In [46]:
import time
import re
import pandas as pd
from tqdm.notebook import tqdm

from selenium import webdriver
from selenium.webdriver.common.keys import Keys
from selenium.webdriver.common.by import By

In [47]:
# Initiate a Chrome web driver
driver = webdriver.Chrome()

In [48]:
# Key page URLs
login_page_url = 'https://monash.csod.com/samldefault.aspx'
class_list_page_url = 'https://monash.csod.com/LMS/BrowseTraining/BrowseTraining.aspx'

# Login by Okta

In [49]:
driver.get(login_page_url)

# Load online class list page

In [50]:
def click_button(button):
    while True:
        try:
            button.click()
            break
        except:
            time.sleep(1)

In [51]:
def loading_class_list_page():
    print('[....] Loading the online class list page', end='\r')
    driver.get(class_list_page_url)
    while True:
        # Check if the clear type button has been rendered
        elements = driver.find_elements_by_xpath("//a[@data-bind='click: vmLoType.clearSelectedLoType']")
        if len(elements) > 0:
            print('[Done]')
            break
        time.sleep(1)

In [52]:
def get_class_list_page():
    loading_class_list_page()
    # Choose type: Online classes
    print('[....] Clear classes type', end='\r')
    clear_type_button = driver.find_element_by_xpath("//a[@data-bind='click: vmLoType.clearSelectedLoType']")
    click_button(clear_type_button)
    print('[Done]')
    print('[....] Choose online course type', end='\r')
    online_course_button = driver.find_element_by_xpath("//span[@role='presentation']/a[@data-original-title='Online course']")
    click_button(online_course_button)
    print('[Done]')
    # Choose view: List
    print('[....] Change to list view', end='\r')
    list_view_button = driver.find_element_by_xpath("//a[@title='List view']")
    click_button(list_view_button)
    print('[Done]')

In [53]:
get_class_list_page()

[Done] Loading the online class list page
[Done] Click the clear type button
[Done] Click the online course type button
[Done] Click the list view button


# Get the total numebr of classes

In [54]:
def get_num_classes():
    num_results_span = driver.find_element_by_xpath("//h1/span[@data-bind='text: totalResultString(), visible: !isLoadingResults()']")
    num_classes = int(num_results_span.text.split()[0])
    return num_classes

In [55]:
num_classes = get_num_classes()
print('Total number of available classes:', num_classes)
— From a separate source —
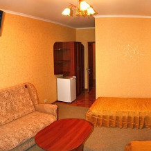 Просторный двухкомнатный номер категории «стандарт» предназначен для любителей идеально комфортного отдыха. В номере есть два балкона, гидромассажная душевая кабина, в каждой комнате - телевизор и кондиционер. В номере может разместиться от 2 до 6 человек, что прекрасно подходит для отпуска всей семьей.
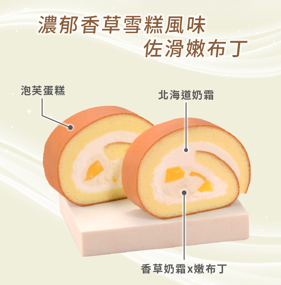 團購任選4件88折 $370/條▶每月6號 生乳捲日只要 $348/條團購任選7件76折 $319/條▶每月6號 生乳捲日只要 $300/條12/1起陸續出貨濃郁香草雪糕風味佐滑嫩布丁乳香豐腴的北海道奶霜佐特調香草奶霜與滑嫩布丁。香草奶霜嚴選法國進口馬達加斯加香草籽醬,讓奶霜充滿香草籽的芳香,濃郁又清爽的香草雪糕風味搭配滑溜的布丁帶來爽口的層次口感,簡單卻令人雀耀的滋味!產品附贈表格 產品 附贈狀況 產品 附贈狀況 盤叉 ✗ 小牙刀 ✓ 提袋 ✓ 蠟燭 ✗

Total number of available classes: 89


# Fetch classes data

In [56]:
def get_class_name_and_link(i):
    # Load the online classes list
    print('[....] Searching for the class link', end='\r')
    class_list = driver.find_elements_by_xpath("//h3/a[@class='ellipsis']")
    while i >= len(class_list):
        # Scroll down
        driver.execute_script("window.scrollTo(0, document.body.scrollHeight);")
        time.sleep(1)
        class_list = driver.find_elements_by_xpath("//h3/a[@class='ellipsis']")
    print('[Done]')
    class_name = class_list[i].text
    class_link = class_list[i]
    return class_name, class_link

In [57]:
def loading_class_page(page_link):
    # Loading the class page
    print('[....] Loading the class page', end='\r')
    page_link.click()
    while True:
        # Check if the class title has been rendered
        elements = driver.find_elements_by_xpath("//h1[@data-test='LD_Title']")
        if len(elements) > 0:
            print('[Done]')
            break
        time.sleep(1)
    # Click the show more button
    print('[....] Click the show more button', end='\r')
    show_more_button = driver.find_element_by_xpath("//button[@class='sc-gtfDJT eikTzr sc-hgHYgh qtyAb']")
    click_button(show_more_button)
    print('[Done]')

In [72]:
def fetch_credit_type():
    print('[....] Fetch credit type data', end='\r')
    details_text = driver.find_element_by_xpath("//section[@data-test='Details_Section']").text
    if "Professionalism" in details_text:
        credit_type = "Professional"
    elif "Excellence in Research & Teaching" in details_text:
        credit_type = "Research"
    else:
        credit_type = "Unsure"
    print('[Done]')
    return credit_type

In [59]:
def fetch_credit_hours():
    print('[....] Fetch credit hours data', end='\r')
    text = driver.find_elements_by_xpath("//div[@class='sc-ccSCjj bfWTHi']")[-1].text
    credit_hours = text.split('\n')[1]
    print('[Done]')
    return credit_hours

In [60]:
def fetch_additional_hours():
    print('[....] Fetch additional hours data', end='\r')
    details_text = driver.find_element_by_xpath("//section[@data-test='Details_Section']").text
    re_result = re.findall(r'additional ?(\d\.?\d?)', details_text)
    additional_hours = re_result[0] if len(re_result) > 0 else '0'
    print('[Done]')
    return additional_hours

In [78]:
# Initiate the dataframe
df = pd.DataFrame(columns=['Class Name', 'Type', 'Graduate Education Hour', 'Additional Hour', 'URL'])
# Fetching data
for i in tqdm(range(num_classes)):
    print('- Starting to fetch No.%d class data ...' % i)
    # Start from the list page
    if 'BrowseTraining' not in driver.current_url:
        get_class_list_page()
    # Only consider the MGR Online classes
    class_name, class_link = get_class_name_and_link(i)
    if class_name[:3] != 'MGR':
        continue
    # Load the i-th class page
    loading_class_page(class_link)
    # Fetch data
    credit_type = fetch_credit_type()
    credit_hours = fetch_credit_hours()
    additional_hours = fetch_additional_hours()
    class_page_url = driver.current_url
    # Store data into dataframe
    print('[....] Store data into dataframe', end='\r')
    df.loc[len(df)] = [class_name, credit_type, credit_hours, additional_hours, class_page_url]
    print('[Done]')

HBox(children=(IntProgress(value=0, max=89), HTML(value='')))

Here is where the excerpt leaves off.